State Route 325 (SR 325) is an arc-shaped 11.1 mi state highway completely within the Chattahoochee-Oconee National Forest in Union County in the extreme northern part of the U.S. state of Georgia. It hugs the western and northern shores of Lake Nottely, and is known as Nottely Dam Road for its entire length.

==Route description==
SR 325 begins at an intersection with US 76/SR 2/SR 515 west of Blairsville. The highway travels to the northeast, and curves to a roughly northern direction, and crosses over Odom Creek and passes Confidence Cemetery. At the western terminus of Pat Colwell Road, the highway curves to the northwest.
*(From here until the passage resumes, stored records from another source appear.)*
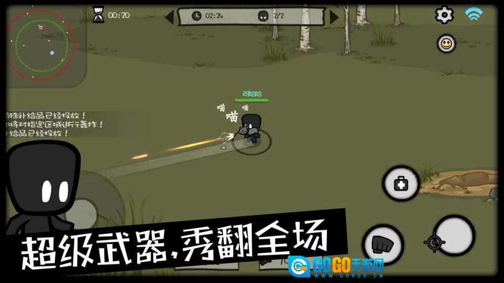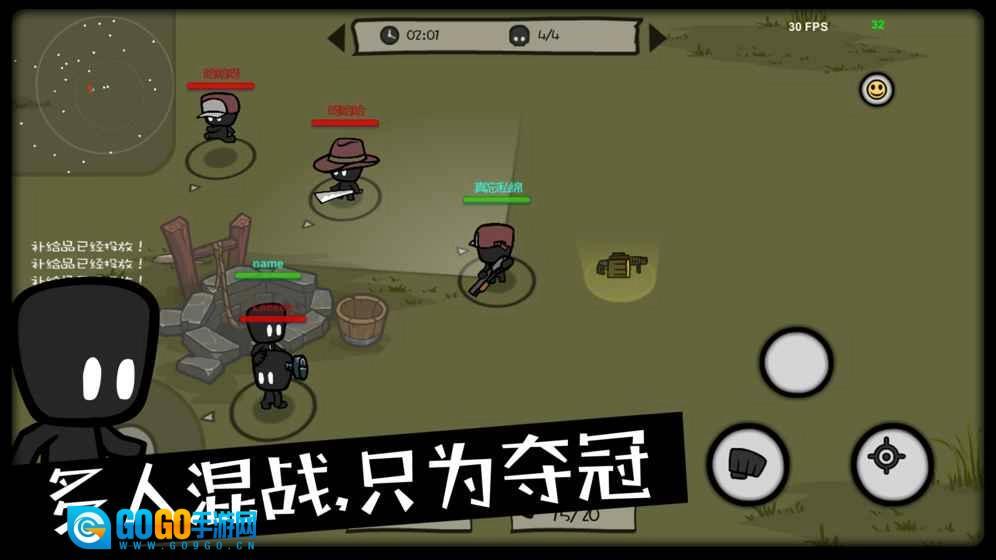 《影子大乱斗》是一款多人在线大乱斗游戏,支持最多20人同场竞技。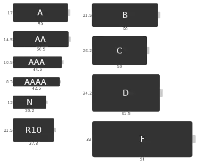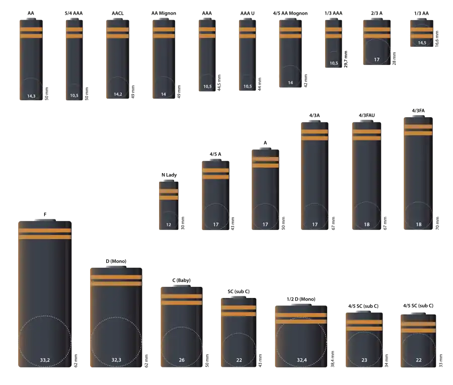 Элементы с тем же диаметром, но уменьшенной/увеличенной длиной обычно содержат в обозначении дробь, условно показывающую соотношение длины элемента к стандартной (например, «4/5 AA» — элемент с размерами 14,5×44,5 мм (тот же диаметр, но длина не 5, а 4 см) |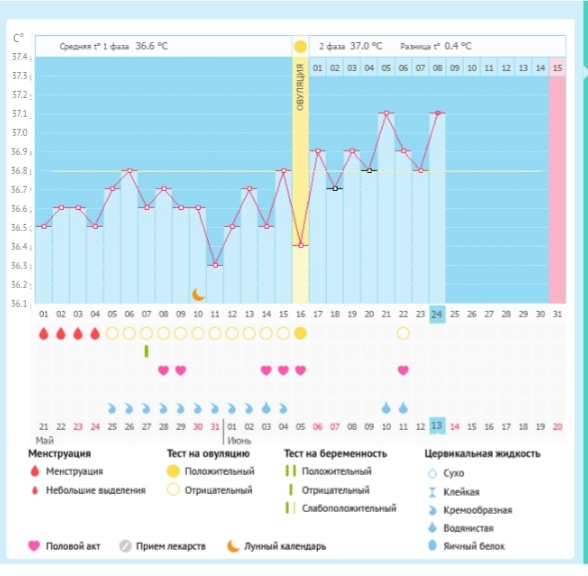 Спасибо, но мы особо и не планировали в прошлом цикле . Я просто написала к тому , что смотрела на график и думала как и вы , что овуляции вообще не было , а она мало того что была так и зачатие произошло , просто на уровне имплантации сорвалось .

The highway curves to the west and crosses over Jack Creek. In Dean Gap, SR 325 begins to curve back to the northwest. Just southeast of the point it curves to the north, it begins to parallel Low Creek. Just northwest of the crossing of Camp Creek, it curves to the north-northeast. After passing Mt. Zion Cemetery, it passes along the northern edge of the lake. It crosses over Nottely Dam before reaching its northern terminus, an intersection with US 19/US 129/SR 11 (Murphy Highway) south of the North Carolina state line, in Ivy Log.

==History==
SR 325 was first added to the state highway system in 1961 to provide access to Lake Nottely and Nottely Dam. The original route extended from US 76/SR 2 (today Blue Ridge Highway) north to US 19. The road has two segments divided by Pat Colwell Road. North of Pat Colwell Road, the highway was largely constructed by TVA as a loop access road for roads severed by Lake Nottely. Pat Colwell Road was part of this loop constructed around the lake, but it was never a state route.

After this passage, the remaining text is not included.